The longstanding Computerised Operational Policing System (COPS) used by NSW Police holds more than 40 million records. COPS was recently overhauled as part of the digital transformation effort.
Coming into its own after Saturday’s protests, the recent rollout of an AI/ML-infused Insights policing program will provide investigators with access to a wide range of critical information. Time-consuming tasks like going through CCTV footage is now automated.
Microsoft is behind much of this technology. The software giant has previously courted controversy after police forces overseas used their technology in facial recognition matters. Microsoft says its software sold to NSW Police does not get used for facial recognition. Rather, it says it can identify “objects” that assist the police with investigations.

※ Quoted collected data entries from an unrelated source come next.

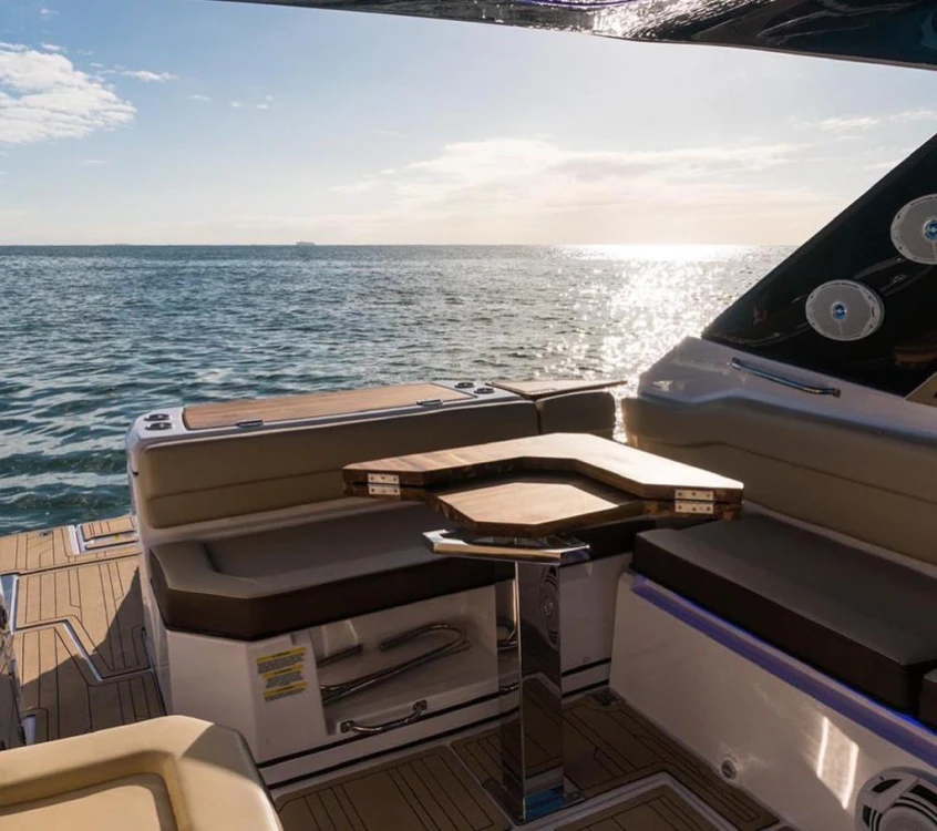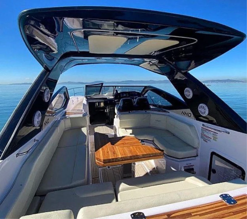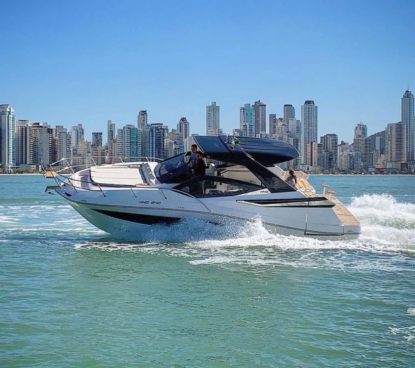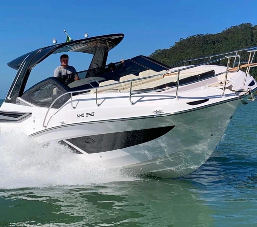 Incrível oportunidade para deixar os seus momentos de lazer ainda melhores! Embarcação compartilhada em 4 cotas. - Marina Capital Bertioga Lancha 2022 com menos de 100 horas e motor em garantia! >Motorização:2 motores Mercruiser 4.5L 250 HP, DTS Rabetas Bravo 3 > Teto rígido > Espaço Gourmet com churrasqueira, 2 banquetas e o incrível Open Deck, que é uma inovação da NHD Boats, e permite que as laterais do barco abaixem, e aumentem o espaço útil de popa > Piso em EVA sintético > Som bluetooth Boss com alto-falantes na targe e proa > rádio VHF e bússola > Guincho elétrico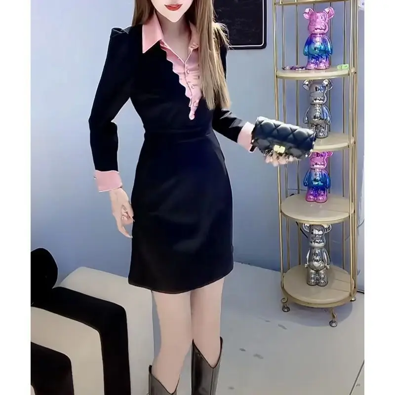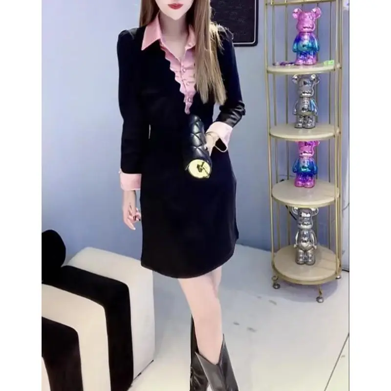 Abito con colletto a camicia piccolo da donna in autunno e inverno Nuova gonna di media lunghezza attillata in vita sottile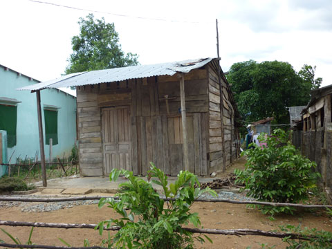 Xen lẫn với những ngôi nhà khang trang mới xây là lác đác một số ngôi nhà gỗ, tềnh toàng, đóng cửa im phăng phắc, cây cỏ mọc đầy như đã lâu thiếu vắng bàn tay chăm sóc của người lớn.
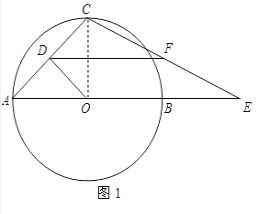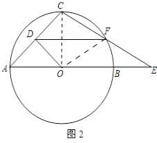 (2)当点F在⊙O上时,连接OC、OF,如图2,![]()
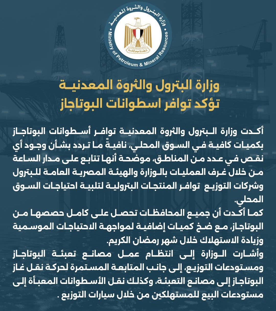 كما أكدت أن جميع المحافظات تحصل على كامل حصصها من البوتاجاز، مع ضخ كميات إضافية لمواجهة الاحتياجات الموسمية وزيادة الاستهلاك خلال شهر رمضان الكريم.
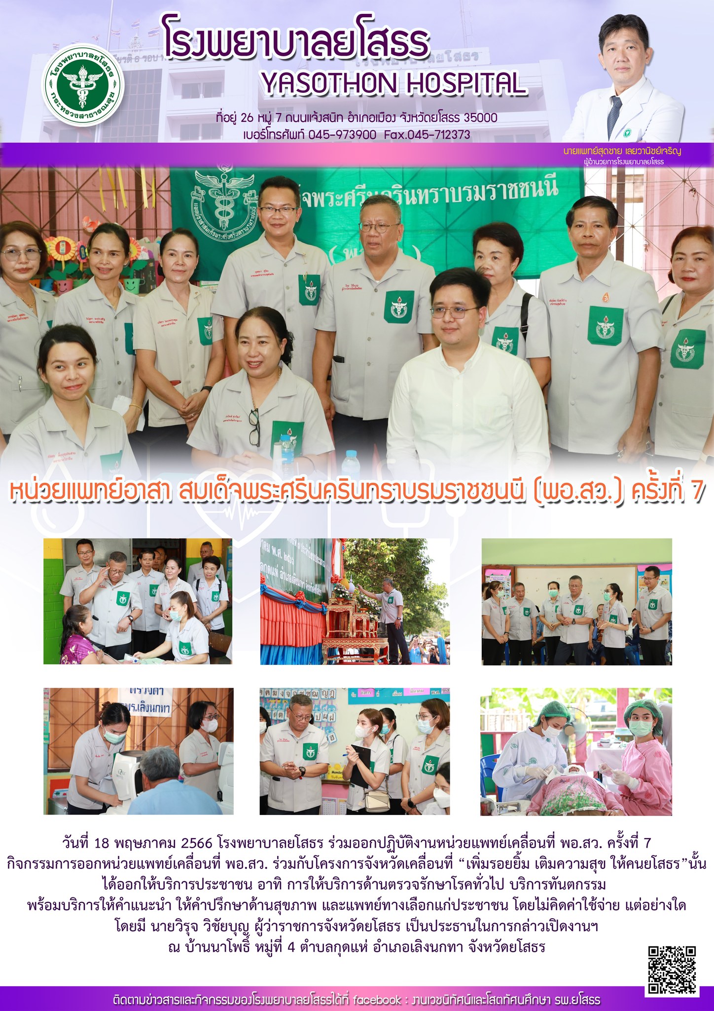 วันที่ 18 พ.ค. 2566 (15:51 น.)วันที่ 18 พฤษภาคม 2566 โรงพยาบาลยโสธร ร่วมออกปฏิบัติงานหน่วยแพทย์เคลื่อนที่ พอ.สว. ครั้งที่ 7 กิจกรรมการออกหน่วยแพทย์เคลื่อนที่ พอ.สว. ร่วมกับโครงการจังหวัดเคลื่อนที่ “เพิ่มรอยยิ้ม เติมความสุข ให้คนยโสธร” นั้น ได้ออกให้บริการประชาชน อาทิ การให้บริการด้านตรวจรักษาโรคทั่วไป บริการทันตกรรม พร้อมบริการให้คำแนะนำ ให้คำปรึกษาด้านสุขภาพ และแพทย์ทางเลือกแก่ประชาชน โดยไม่คิดค่าใช้จ่าย แต่อย่างใด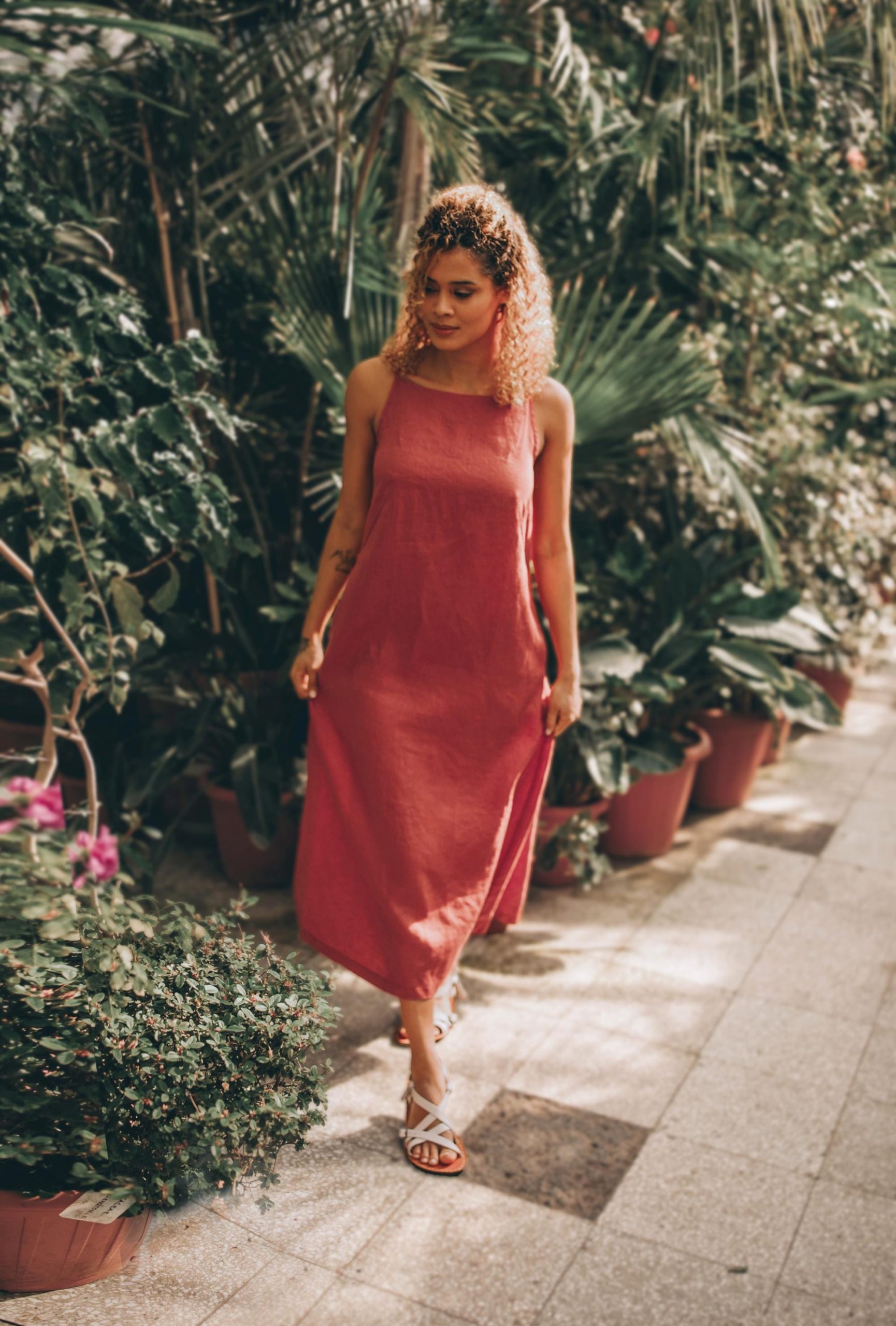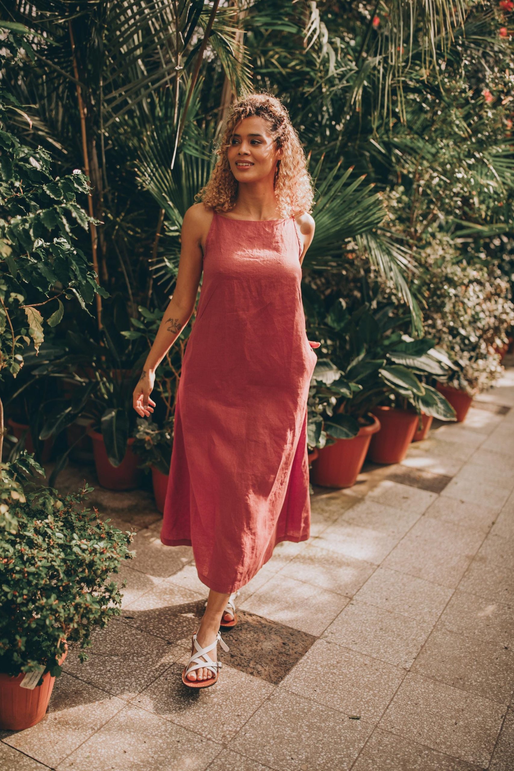 Crafted entirely from natural linen, this midi-length sleeveless dress is a must-have seasonal essential that blends effortless elegance with everyday comfort. Designed with a minimalist aesthetic, it features a beautifully elongated silhouette that drapes gracefully, flattering a variety of body shapes.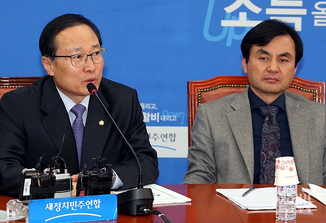 24일, 서울 여의도 국회에서 새정치민주연합 원내대책회의가 열린 가운데, 홍영표 자원외교 국조특위 야당 간사가 발언하고 있다.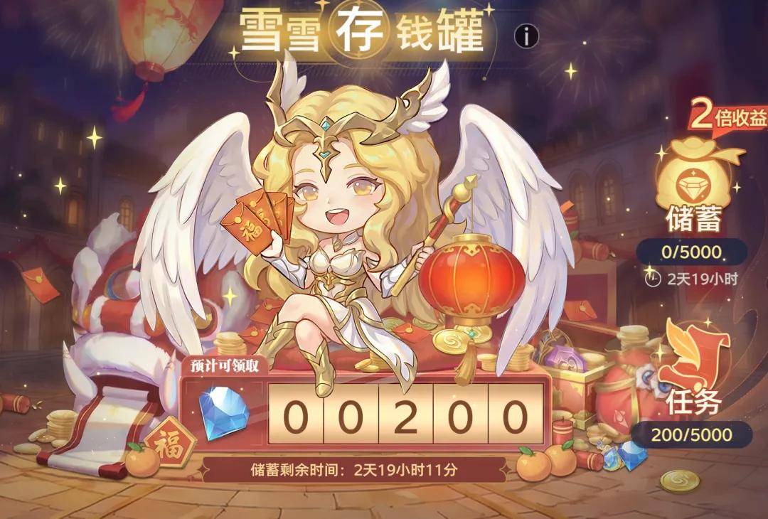 第三个活动则是传说中存钱罐活动,这个活动类型在隔壁魂师对决都已经成为节日标配了,而在咱们这边则是首次上线,首先这个存钱罐最多可以让我们一次性存进去5000钻石,然后在3天后过年时可以领取到2倍的回报,相当于主动存5000就是3天后可以领取10000钻石。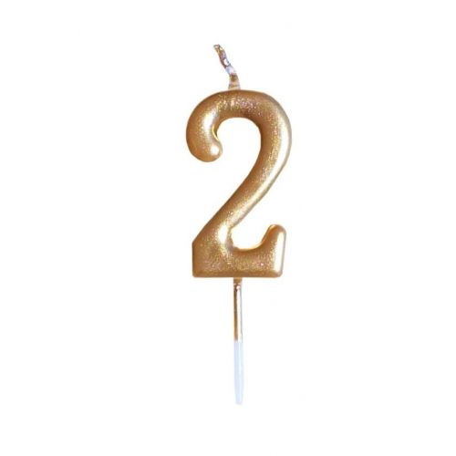 Świeczka metalizowana złota "2", na pikerze. Wysokość świeczki 6 cm, wysokość z pikerem 8 cm.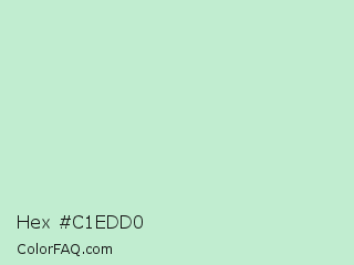 Hex #c1edd0 Color is a very light green color and the nearest color is Edgewater #c8e3d7. Hex code #c1edd0 and RGB value is rgb(193,237,208). In RGB color space, this color is composed of 76% red, 93% green, 82% blue, In CMYK color space, this color is composed of 19% cyan, 0% magenta, 12% yellow , 7% black , In HSL color space, this color has a hue angle of 140° , 55% saturation and 84% lightness.

While ethical considerations currently constrain the potential of AI and ML to assist police, experts think the technology now available to NSW Police can potentially be trained to identify the backpack and clothes a person is wearing, focus on a person’s gait, and zero in on hairstyles – all helpful in identifying people.
The resources being poured into the investigation of Saturday’s protest in Sydney indicates NSW Police will deploy every resource at their disposal to make more arrests.